5 things all drivers should know before car finance

5 things all drivers should know before car finance

Car finance is one of the most popular ways to get a car. It can be hard to save up enough money to buy a car outright with cash as even used cars can now cost thousands of pounds. This is one of the main reasons why more drivers are choosing to finance a car today. Whilst there are so many benefits of getting a car loan, there are a few things you should consider before you apply, especially if you’ve never had finance before. The guide below looks at the top 5 factors every driver should know before taking out a car finance agreement. 

How does car finance work? 

There are multiple car finance agreements in the UK that you can choose from but in general, car finance is a way to fund your car purchase. You borrow a set amount from a lender or a value that is secured against a vehicle of your choice and then make monthly payments with interest until the end of an agreed term. Car finance payments can be spread over 3-5 years and can be suited to your budget. You can either obtain a loan from a reputable car finance company or at a trusted dealership. Car finance allows you to get a newer, and better car than you would when buying with cash alone as you can use the term to spread the cost. 

There are so many reasons why drivers are choosing to finance their next car, from affordable monthly payments to getting both new and used cars, it can be easy to see why it’s favoured by drivers in the UK. However, there are a few factors that you should know first. 

  1. Car finance is never guaranteed.

Whilst car finance can be more accessible than ever, it’s worth remembering that no car finance company can promise you a car finance approval. Drivers should be wary of any company offering guaranteed finance as there are usually hidden fees or high interest rates to secure the deal. There are a few limitations to getting a car on finance, for example you will need to be at least 18 years old before you could be considered as car finance is a legal agreement. Many lenders also have a maximum age limit of around 70 years old too. You will also need to undergo a credit check and an affordability assessment to see if you could afford to get a car on finance and the likelihood of you paying your loan back on time and in full.

  1. Credit score is important.

As mentioned above, car finance lenders will usually want to perform a credit check on you when you apply for finance. Your credit score reflects which type of borrower you are and people with good credit scores usually have a long history of managing credit and being able to meet repayment deadlines on time and in full. A low credit score can be harder to get approved with as you’re more likely to default on payments based on your history or lack of credit usage. If you’re struggling to get approved, it can be a good idea to check your credit report and spend some time either increasing your credit or building a credit history if you haven’t already done so. 

  1. Set an accurate budget.

Budgeting for car finance is really important and it’s essential that you can afford to meet your repayment deadlines.

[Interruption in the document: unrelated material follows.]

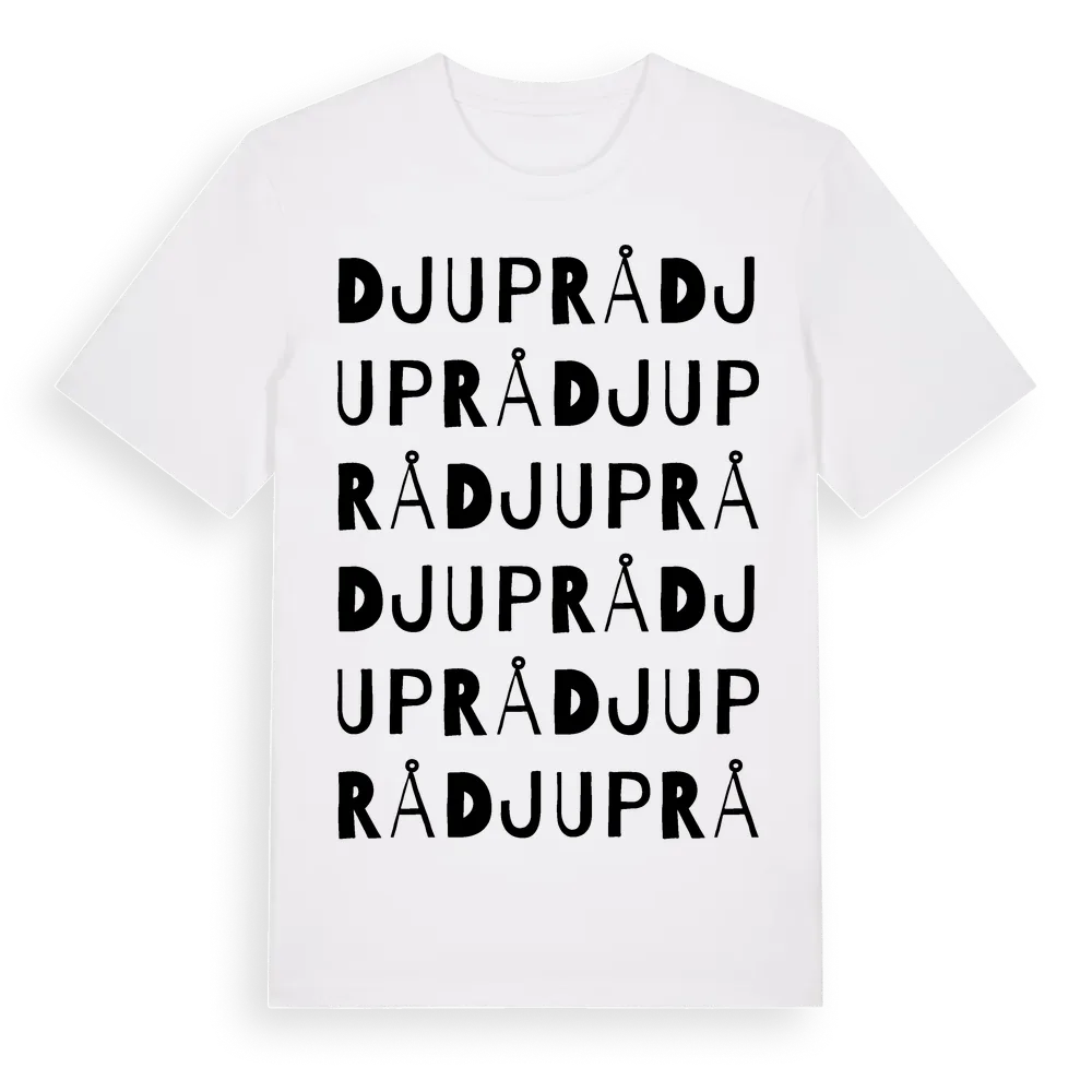 Djuprå ordlek t-shirt är inspirerad av Djuprå i Gävleborgs län, Sverige. Tröjan är designad för dig som har en speciell koppling till platsen – oavsett om du bor här, har rötterna här eller bara älskar Djuprå.

It’s a common rule that you should not spend more than 10% of your income on car finance to help make sure you can afford each and every payment. Lenders will usually ask you how much you earn and what your current employment status is. You will then usually have to provide bank statements or payslips to verify your income. If you fail to meet your car finance payments, the lender can have the right to take the car off you if it’s a secured loan and it can seriously affect your ability to get any sort of loan or finance in the future. 

  1. You may be better suited to one form of car finance over others.

In the UK, there are 3 main types of car finance agreement that tends to be the most popular. Each car finance agreement is different and depending on what you want from your deal, you could be better suited to one form of finance over others. You could use a free hire purchase calculator to get an idea of how much your payments could be a month. When compared with PCP deals, HP usually has higher monthly payments as you spread the full value of your chosen car into equal payments. PCP on the other hand can be great if you’re not bothered about owning the car and want more flexibility. A personal loan could be the most cost-effective but is usually reserved for those with excellent credit scores. It can be worth exploring each in more detail to see which is the best for your circumstances. 

  1. Compare both new and used car finance.

When car finance was first introduced, it was only really available on brand new cars. This made sense as they tend to have a higher purchase price than used cars and the finance was available at the dealer. Nowadays, you can finance both new and used cars and financing a second-hand car can help to make your money go even further. Depending on what you want from your deal, it can be beneficial to compare monthly payments on both new and used cars to see which fits in best with your budget.